🤖 AI Summary
Monocular 3D perception for railway L4 autonomous trains faces severe challenges in ultra-long-range scenarios (>1 km), where conventional methods suffer from poor depth estimation accuracy and low recall for small, distant objects (e.g., track intrusions and pedestrians).
Method: We propose a LiDAR-supervised, segmented monocular long-range 3D detection framework featuring dual detection heads—short-range (≤250 m) and long-range (>250 m)—to overcome monocular depth ambiguity at distance.
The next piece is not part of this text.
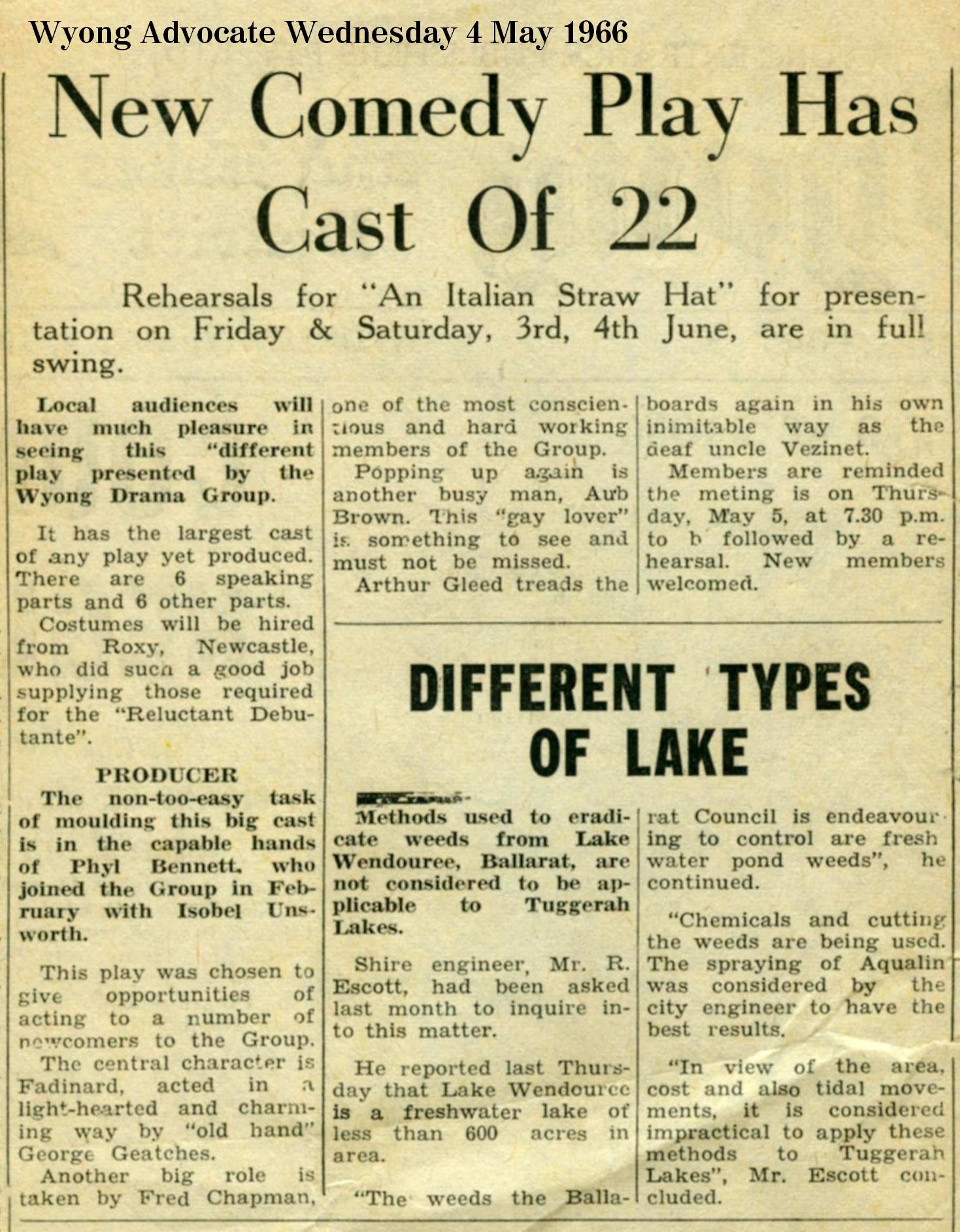 Publicity article in the Wyong Advocate, Wednesday 4 May 1966.

A YOLOv9-enhanced 2.5D detector is jointly optimized with a LiDAR-guided depth estimation network.
Contribution/Results: On the OSDaR23 dataset, our method achieves the first robust monocular 3D detection within 250 m, significantly improving recall for small distant objects. It delivers the first production-viable, safety-critical long-range monocular 3D perception solution for railway automation.
📝 Abstract
Railway systems, particularly in Germany, require high levels of automation to address legacy infrastructure challenges and increase train traffic safely. A key component of automation is robust long-range perception, essential for early hazard detection, such as obstacles at level crossings or pedestrians on tracks. Unlike automotive systems with braking distances of ~70 meters, trains require perception ranges exceeding 1 km. This paper presents an deep-learning-based approach for long-range 3D object detection tailored for autonomous trains. The method relies solely on monocular images, inspired by the Faraway-Frustum approach, and incorporates LiDAR data during training to improve depth estimation. The proposed pipeline consists of four key modules: (1) a modified YOLOv9 for 2.5D object detection, (2) a depth estimation network, and (3-4) dedicated short- and long-range 3D detection heads. Evaluations on the OSDaR23 dataset demonstrate the effectiveness of the approach in detecting objects up to 250 meters. Results highlight its potential for railway automation and outline areas for future improvement.